In the normal heart, cardiac output increases three- to fourfold during exercise, due mainly to increased heart rate and increases in stroke volume. Atrioventricular synchrony – the normal activation sequence of the heart in which the atria contract first and then, after an appropriate delay, the ventricles contract – contributes only about 20% of cardiac output.⁸ Thus the ability of pacemakers to increase heart rate is paramount, although AV synchrony may on occasions be vital (e.g. in low-cardiac-output states). Many permanent pacemakers are rate-adaptive. When temporary pacing is used, the arbitrary back-up rate of 70–80 beats/min may need to be increased if oxygen delivery is inadequate. For life-threatening bradyarrhythmias, increasing heart rate with VVI mode pacing is the treatment of choice. Permanent VVIR pacing (most commonly using an activity or respiration sensor) will allow heart rate modulation. However, in the ICU, adaptive rate changes may not occur. For example, no activity will be sensed in a patient with septic shock, even when the cardiac output is low.

During VVI and VVIR pacing the atria and ventricles beat independently and AV synchrony is lost. Occasionally this can have deleterious effects and cause a ‘pacemaker syndrome’.⁹ The pacemaker syndrome is, however, a complex of clinical signs and symptoms associated with loss of AV synchrony. A fall in blood pressure coinciding with the onset of ventricular pacing is consistent with the pacemaker syndrome. It was initially recognised with VVI pacing but can occur with any pacing mode if there is AV dissociation, and can be compared to the effects in patients with complete heart block and AV dissociation. The atria contract against closed AV valves with significant regurgitation of blood into the pulmonary and systemic circulation. Blood pressure, stroke volume and cardiac output may fall. The pacemaker syndrome can be eliminated by restoring AV synchrony.

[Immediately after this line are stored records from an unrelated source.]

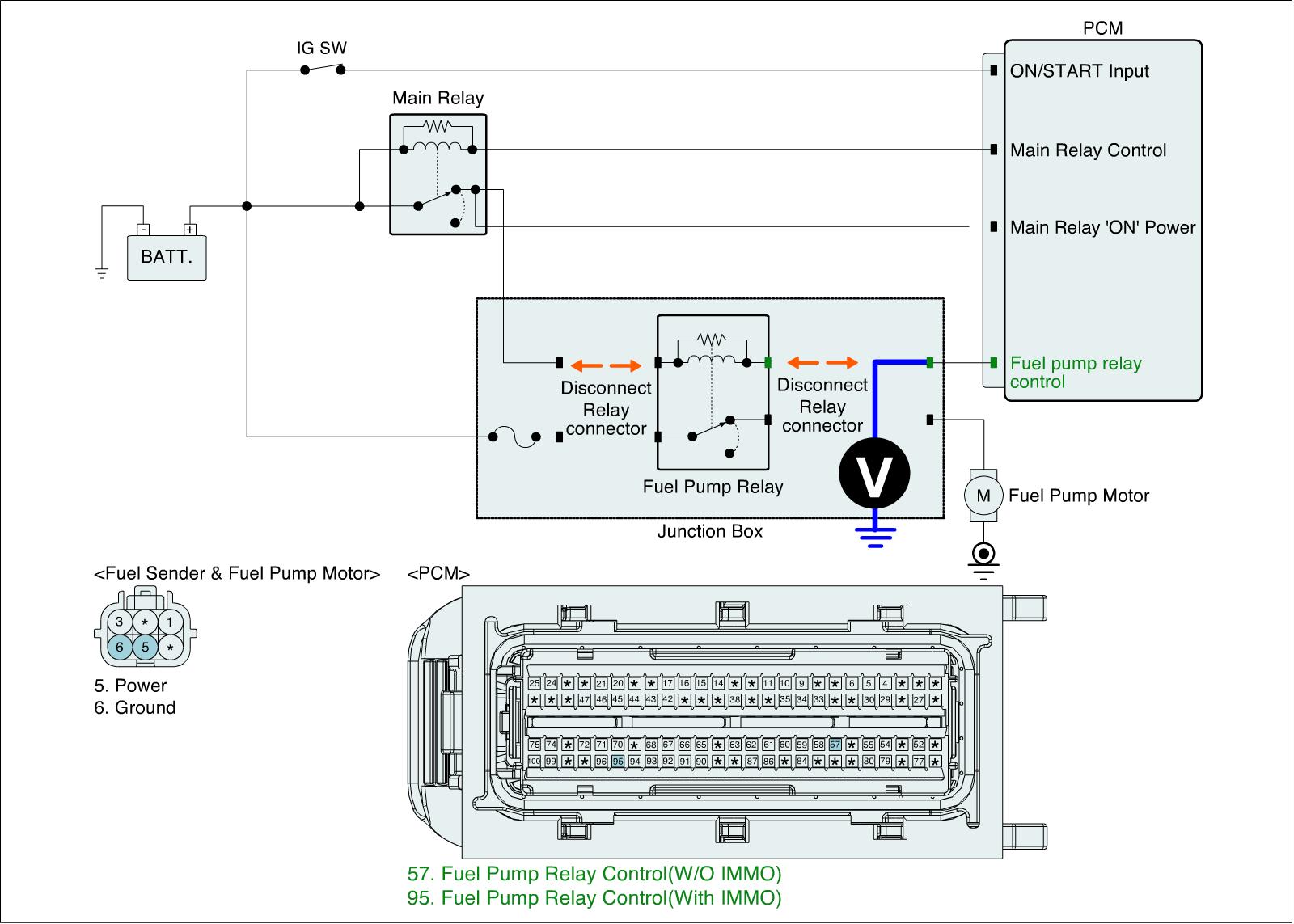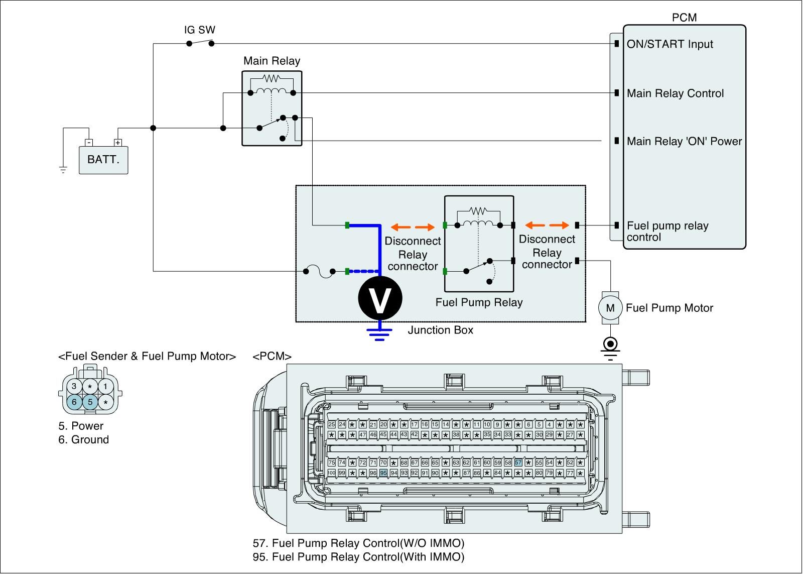 1. IG "OFF" and disconnect fuel pump relay connector.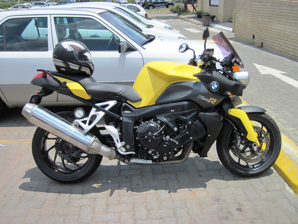 I eased out into the traffic, getting used to a new riding style that has you hunched forward over the tank, as apposed to the very upright riding position required on a GS… Once I was out onto the R21, riding towards Pretoria, I began to experience the beauty of this machine… It is light, handles like a dream and is probably the most well balanced bike I have ever ridden…. I also discovered that the “R”, in “K12ooR”, does not stand for “Relax” !! This bike is super quick !! Whilst cruising along in 6th gear, I gave the throttle a small twist, and the bike took off like a startled cat !! Amazing acceleration !! For sheer exhilaration, swing a leg over one of these Babies, Dudes !!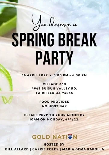 Spring Break Party Thursday, April 14, 2022 3:00 PM 6:00 PM 15:00 18:00 Gold Nation (map) Google Calendar ICS Spring Break Party!Please RSVP to your admin by 10AM Monday, 4/4/22

Emergency and long-term haemodynamic effects of DDD or AAI pacing are generally superior to VVI pacing. In studies of patients with permanent pacing, there is a consistent lower mortality with DDD or AAI pacing compared to VVI pacing, and a significantly lower incidence of AF.² DDD and/or DVI pacing requires two pacing leads, one each in the RA and RV. Under appropriate conditions AAI and DVI pacing provide AV synchrony but not rate adaptation. DDD pacing will usually ensure AV synchrony and heart rate responsiveness, provided the SA node is normal.

Dual-chamber pacemakers require the AV interval to be set as close as possible to the normal P-R interval (140–200 ms). Traditionally, the pacing AV interval is arbitrarily set at about 150–200 ms. If interatrial conduction time (between the RA and LA) is significantly prolonged, the LV may contract before or at the same time as the LA, causing DDD pacemaker syndrome¹⁰ with decreased stroke volume and cardiac output (due to LA contraction against a closed mitral valve). Hence, if there is evidence of inadequate cardiac output or impaired oxygen delivery, the AV interval may need to be increased appropriately, or optimised using thermodilution cardiac output or echocardiographic techniques at various AV intervals.